- Work to complete:
Leave out the pictures, and copy exactly the lines from the line with "之后在绣球和多头玫瑰中间的空隙处添加几支康乃馨。" through the last line of the data below.

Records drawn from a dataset
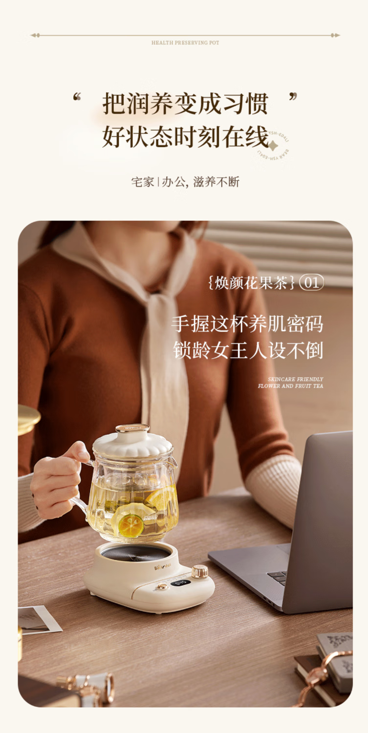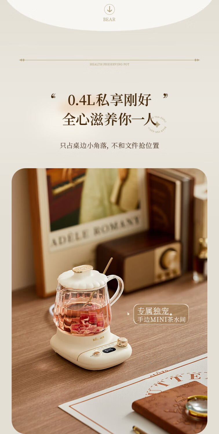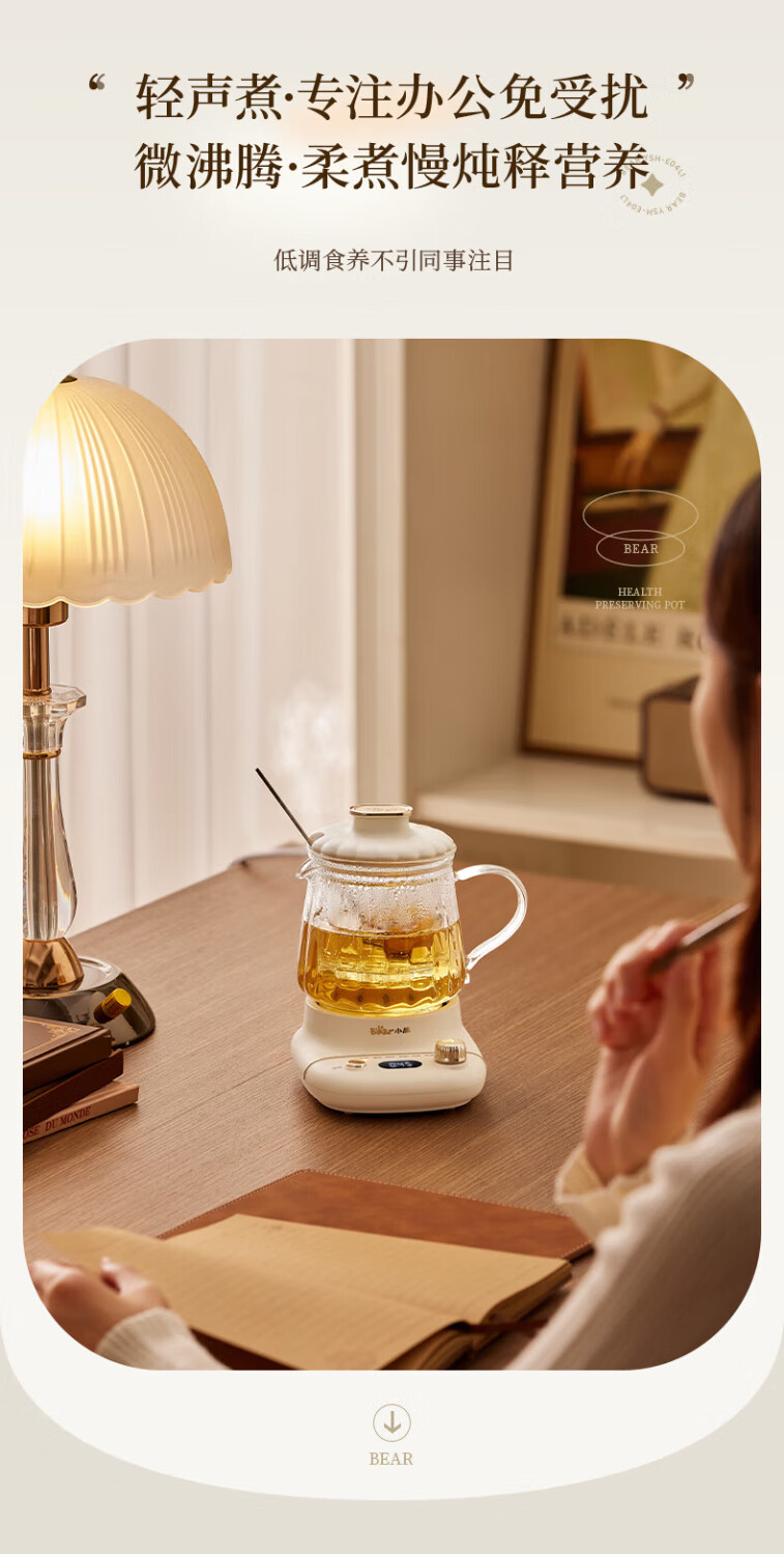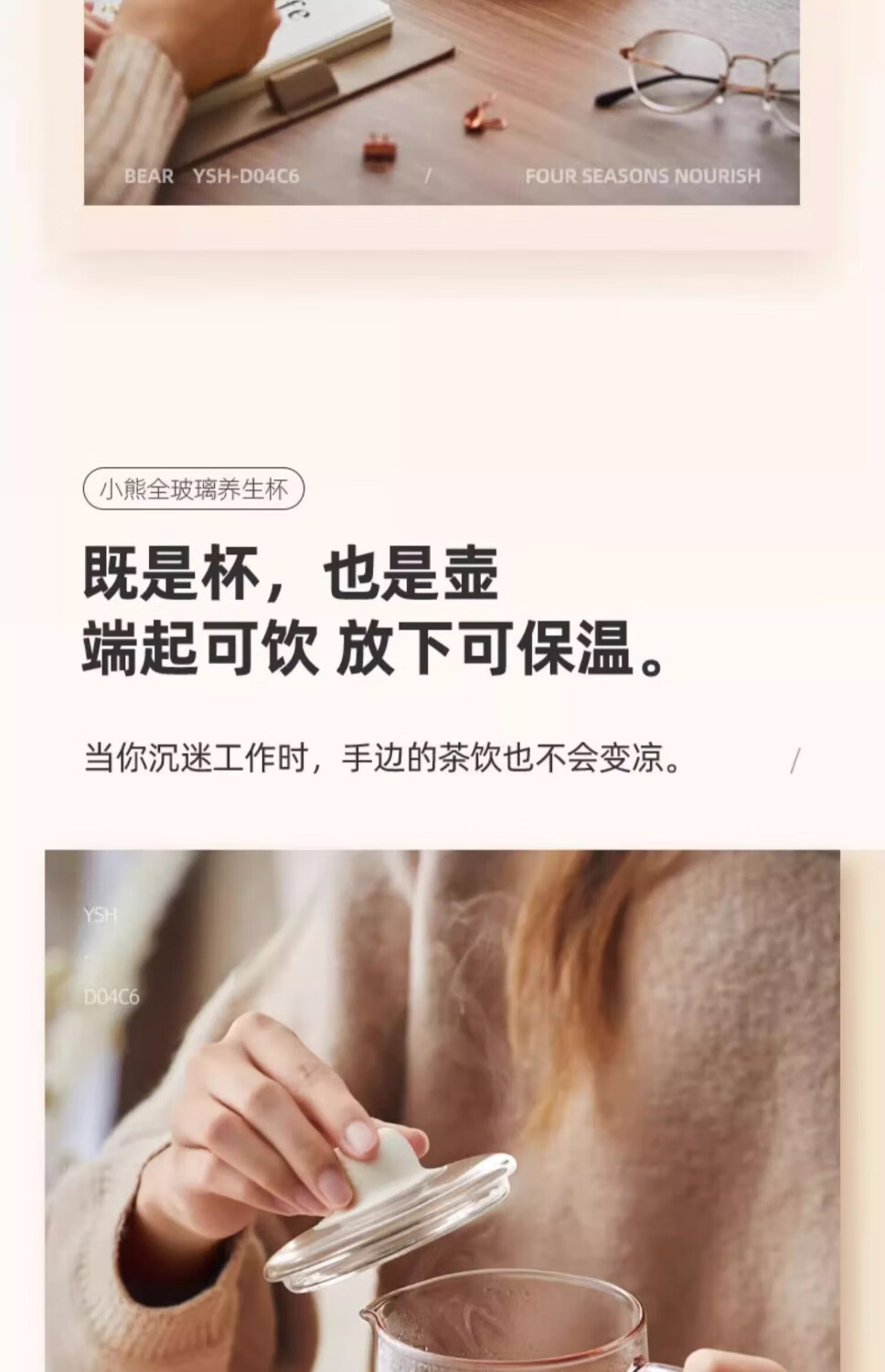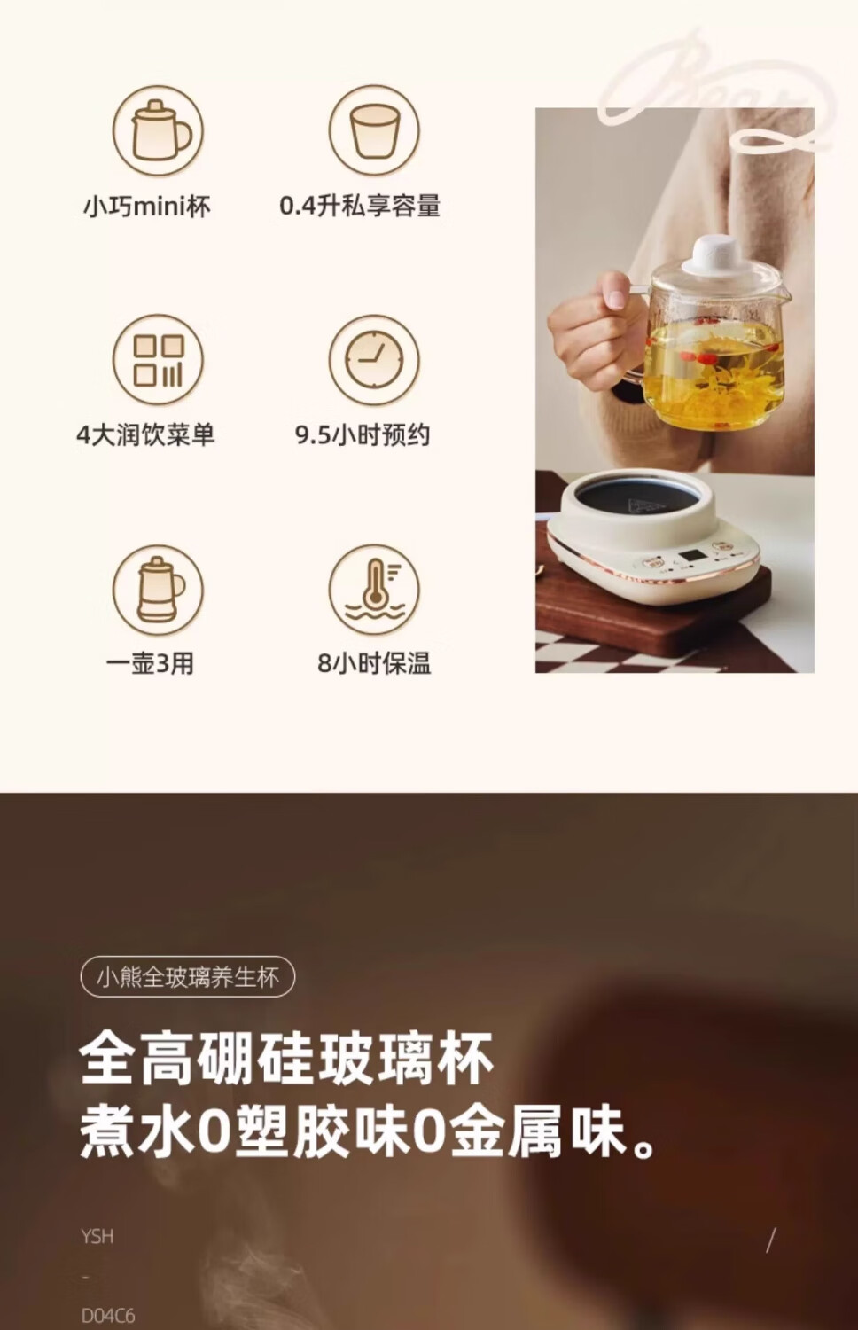 Little Bear YSH-D04C6 Portable Health Pot Office Mini Small 0.4L Tea Maker Glass Home Health Cup Little Bear (YSH-D04C6) 0.4L
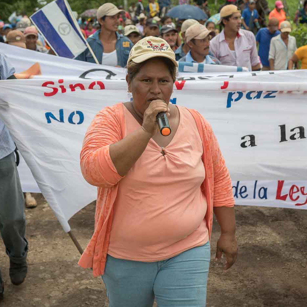 Ramirez has been critical of government failings in infrastructure, such as roads, that have severe economic repercussions on poor farming communities. Francisca is a vital part of educating farming communities and other working-class groups of their rights across various regions of Nicaragua. In 2014 she began her fight against a controversial law that was signed by the government allowing HKND Group, a Chinese developer, to build a shipping canal through the country. The intercontinental shipping canal would displace a considerable amount of farming and peasant families, forcing them from to give up long-held lands and resettle elsewhere.
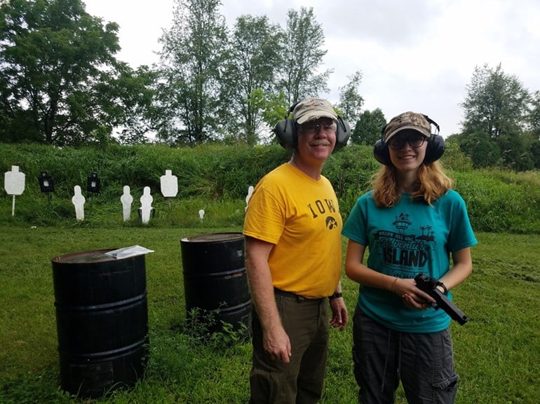 Photo 5 – An enjoyable afternoon at the range with daughter Libby. She is a natural pistol shot. In a full-sized fighting pistol, the 9mm +P jacketed hollow point ammunition is very controllable for most shooters and is an excellent defensive round.
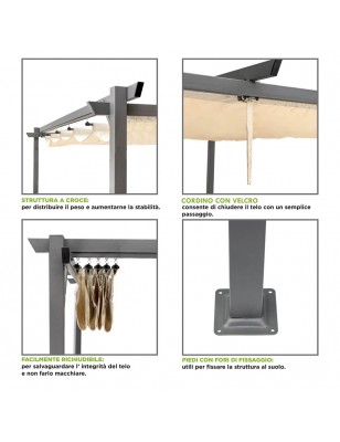 A corredo ci sono cinque barre scorrevoli in Alluminio misura 20 x 40 mm che sostengono il Telo in Poliestere da 180 gr/mq e che assicurano il movimento di chiusura ed apertura della pergola in totale sicurezza e con facilità inoltre all'interno della pergola, è presente un tubo in acciaio dal diametro di 19 mm che garantisce la continuità del movimento e facilita le operazioni di apertura e chiuisura della pergola.
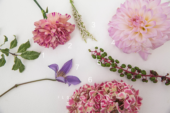 之后在绣球和多头玫瑰中间的空隙处添加几支康乃馨。
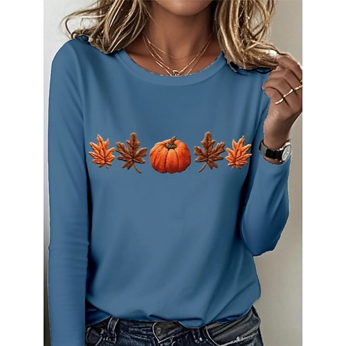 Per donna Maglietta Grafico Piante Vintage Elegante Classico Manica Lunga Girocollo Top Regolari Quotidiano Stampato Blu Nero Arancione Grigio scuro Grigio Primavera Autunno Inverno

- Task output:
 之后在绣球和多头玫瑰中间的空隙处添加几支康乃馨。
 Per donna Maglietta Grafico Piante Vintage Elegante Classico Manica Lunga Girocollo Top Regolari Quotidiano Stampato Blu Nero Arancione Grigio scuro Grigio Primavera Autunno Inverno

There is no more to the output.